__Material provided__
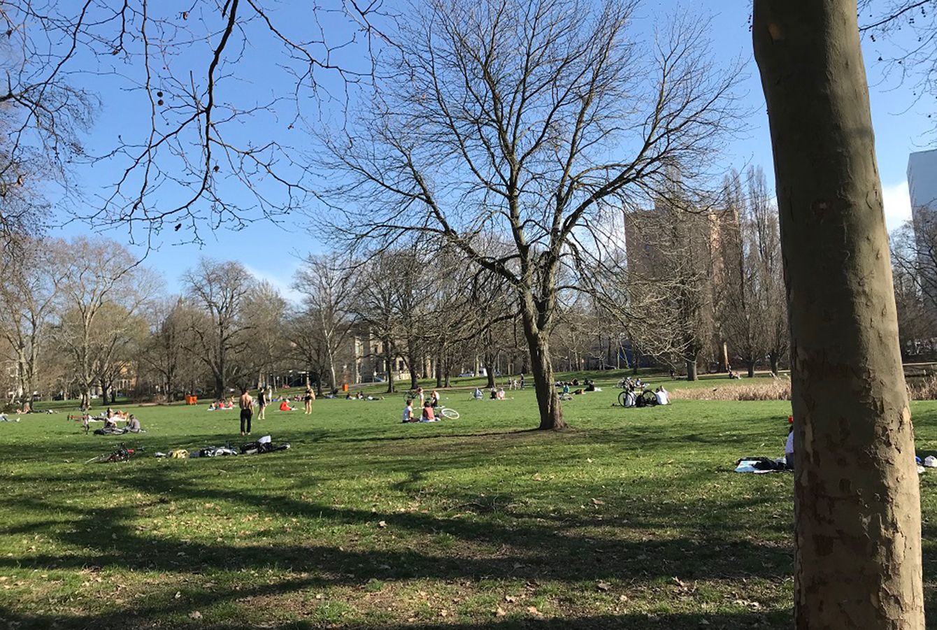 今のドイツで明るい表情の人がいるのは緑の中だけだ(4月、ライプツィヒ市内)
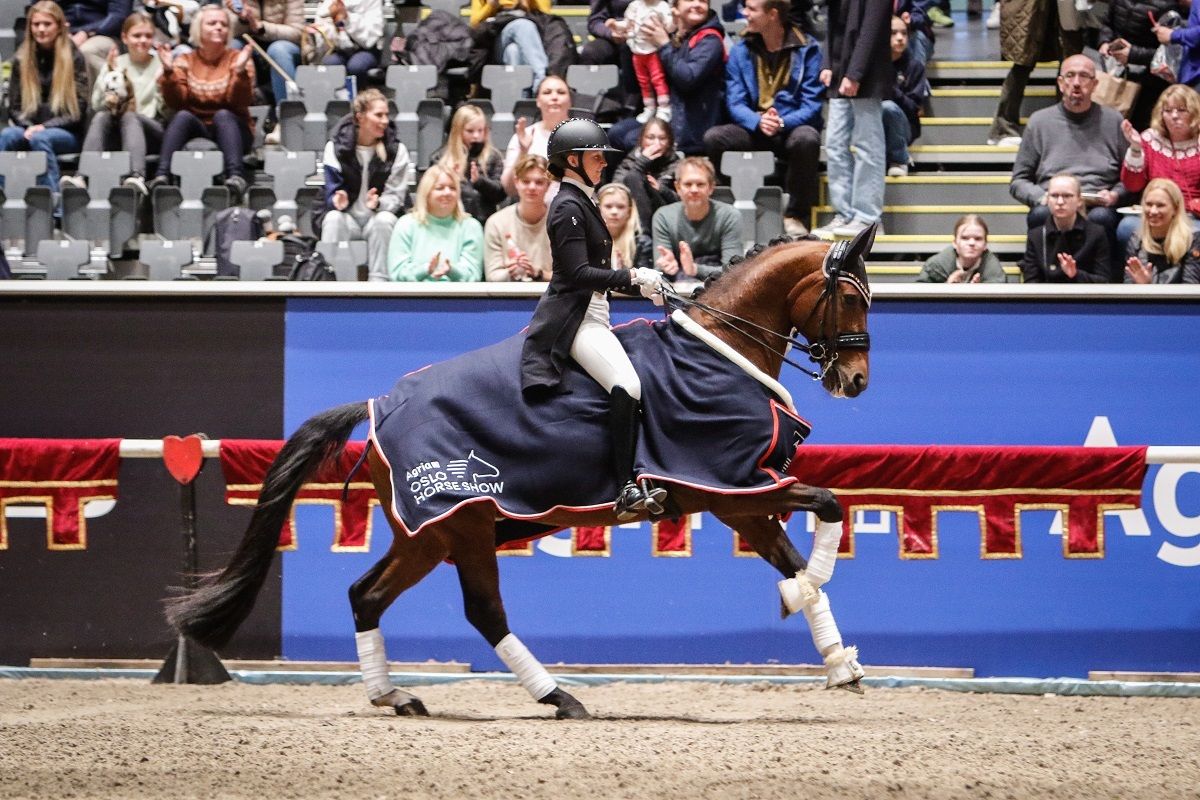 Danske Ida Kirstine Bjørn har hatt en riktig god tur til Norge og Agria Oslo Horse Show – den reisen ga to strake seire på rad. Lørdag danset hun og hennes Hussmans Jackson seg til seier i Intermediaire I kür, foran Helena Liholt Gulli/Tobajo Alippo Lippi.
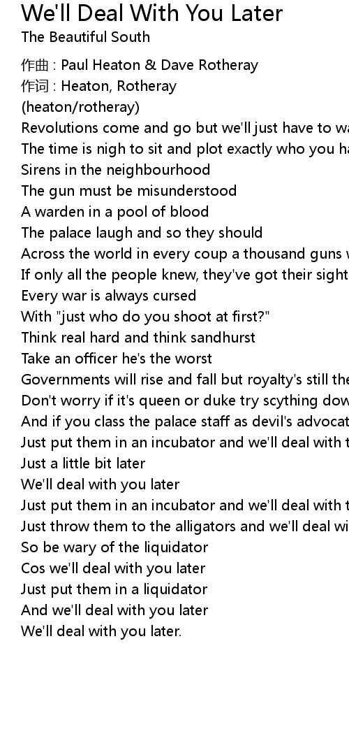 | Cos we' ll deal with you later | |
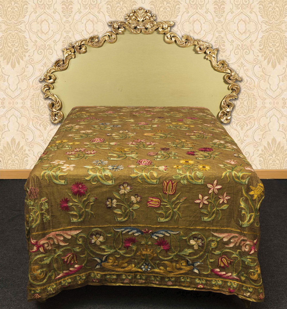 Copriletto in filet a rete a mano e ricamo in seta multicolore di pregiata fattura. Foderato in taffetà di seta (300x240 cm circa) Handmade filet bedspread lined with silk taffeta

__What is expected__
Repeat the material exactly. Any picture in it should be dropped.

__Response__
 今のドイツで明るい表情の人がいるのは緑の中だけだ(4月、ライプツィヒ市内)
 Danske Ida Kirstine Bjørn har hatt en riktig god tur til Norge og Agria Oslo Horse Show – den reisen ga to strake seire på rad. Lørdag danset hun og hennes Hussmans Jackson seg til seier i Intermediaire I kür, foran Helena Liholt Gulli/Tobajo Alippo Lippi.
 | Cos we' ll deal with you later | |
 Copriletto in filet a rete a mano e ricamo in seta multicolore di pregiata fattura. Foderato in taffetà di seta (300x240 cm circa) Handmade filet bedspread lined with silk taffeta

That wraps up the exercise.